Malte Bøgh Senniksen, our early stage researcher (ESR) 12, is currently researching an animal-free modelling approach to the development of amorphous solid dispersions within the InPharma project. His individual project started in August 2021, where he spent the first 13 months at Fraunhofer ITMP in Frankfurt, Germany, before transferring to F. Hoffmann – La Roche in Basel, Switzerland, for the remainder of his PhD. InPharma is a European Industrial Doctorate (EID) project that brings together academic institutions an industry partners to provide the Early Stage Researchers (ESRs) interdisciplinary training and research opportunities by spending at least half their time in industry. As part of our InPharma on-the-job series, we have organised short interviews with our ESRs to better understand first-hand what a working within an industry-focused doctoral training program looks like.

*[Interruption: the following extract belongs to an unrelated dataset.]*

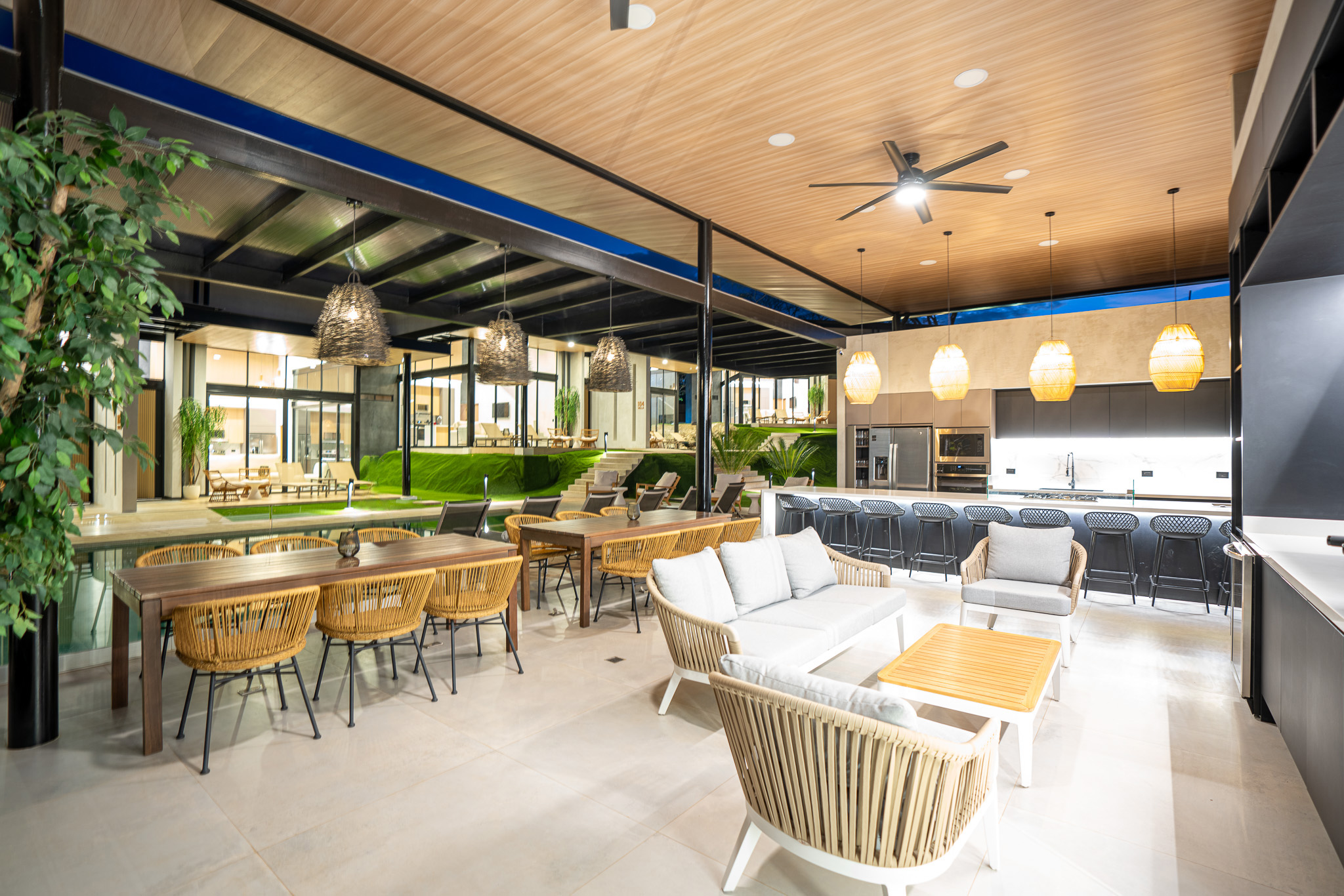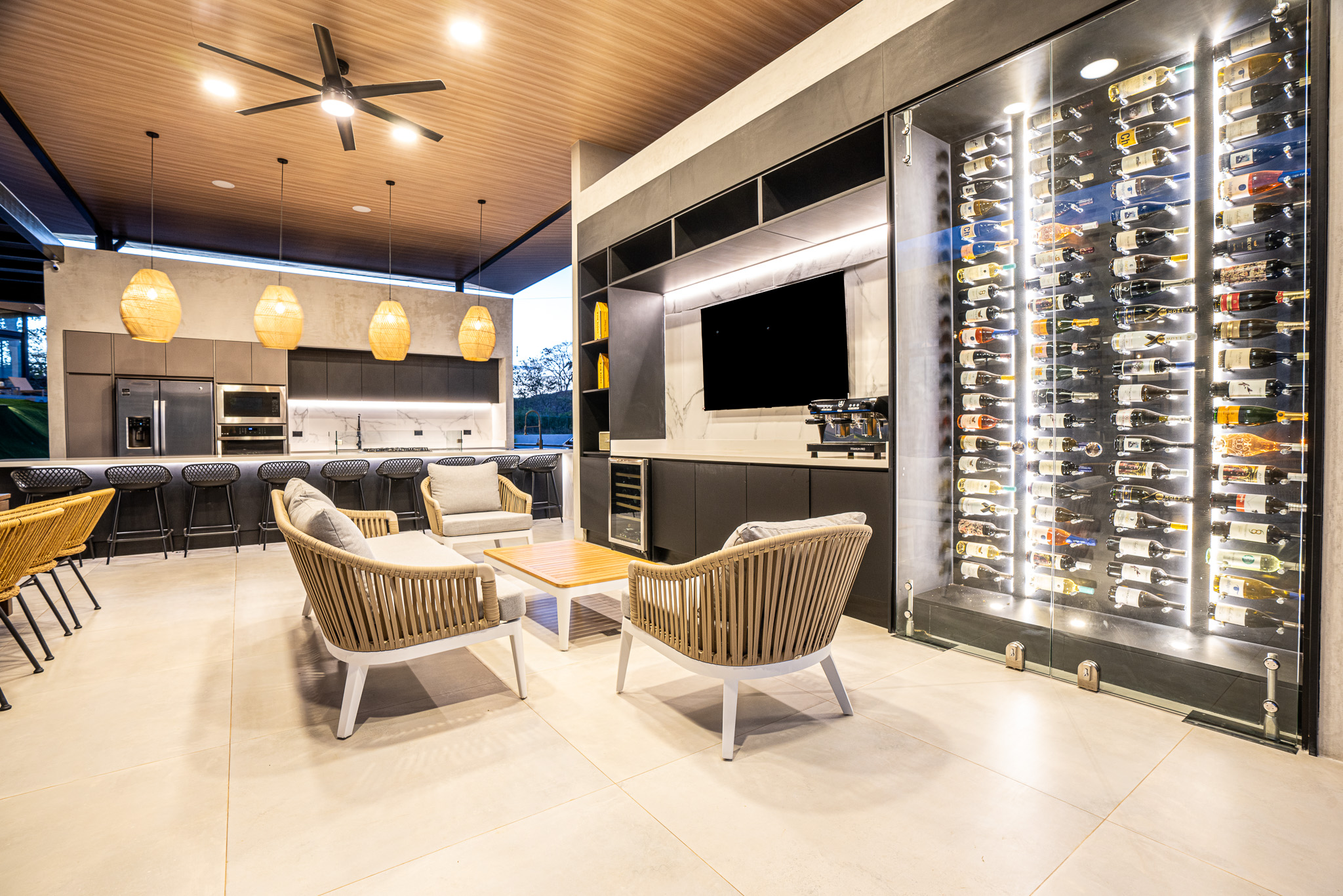 Clubhouse with a gourmet kitchen, wine cellar, and 70' Smart TV

Can you provide an overview of your current research project?
My research project revolves around formulation development of amorphous solid dispersions (ASDs), to enable drugs to overcome solubility-limited absorption in the human body. The academic part of my project has focused on applying the concepts of the refined developability classification system (rDCS), to assess developability risks for selected model drugs and guide the use of enabling formulations. The industrial part of my project has been focused on utilizing high throughput miniaturized screening methods to investigate ASD performance for drugs in combination with many different excipients in parallel. All done in a material sparing manner. My work in the industry has also allowed me to apply computational tools to predict drug and excipient interactions, in an effort to select the most promising mixtures and limit the experimental workload.
What does a typical day in your research project look like?
A typical day in my research project will consist of consulting the literature, planning experiments, analyzing data and of course going into the lab to conduct the planned experiments. As my project is dependent on a large solid set of data, the primary part of my workday is spent in the lab. This has been a great benefit as it has allowed me to gain new competencies, use state of the art equipment and to collaborate with my scientific peers within the industry.
What benefits do you see of spending half of your doctorate in the non-academic sector?
The opportunity to spend half of the doctorate in the industry has allowed me to understand how theory is put into practice, on a different scale than what is normally possible in academia. Personally, I also see great value in connecting with industry experts for discussions, as they often have a unique goal-oriented perspective on pharmaceutical science. Having a network that spans across the two sectors can also help bridge the well-known research “gap” and allow future collaborations to take place after the end of the project.
How did you find your training within the industry-focused doctoral training program?
I found the training during annual meetings, workshops and virtual meetings very interesting and feel that they have helped me grow to be a better researcher. Getting the chance to present my work to an audience of my scientific peers has had great value and helped me to become more confident in my own work and accomplishments. Furthermore, the training we have received in regard to research project management, an important transferable skill, has helped me to stay organized and in control of my research as an ESR. This is a skill that I expect will be of great value as I continue my career in research.
What are your plans for the remainder of your studies within InPharma and beyond?
My plan for the final time within InPharma is to finish writing up my project findings as research articles for publication as well as for my doctoral thesis. Beyond InPharma, I hope to continue my work in preclinical research where I can apply my competencies in formulation screening and development, either in the industry or academia.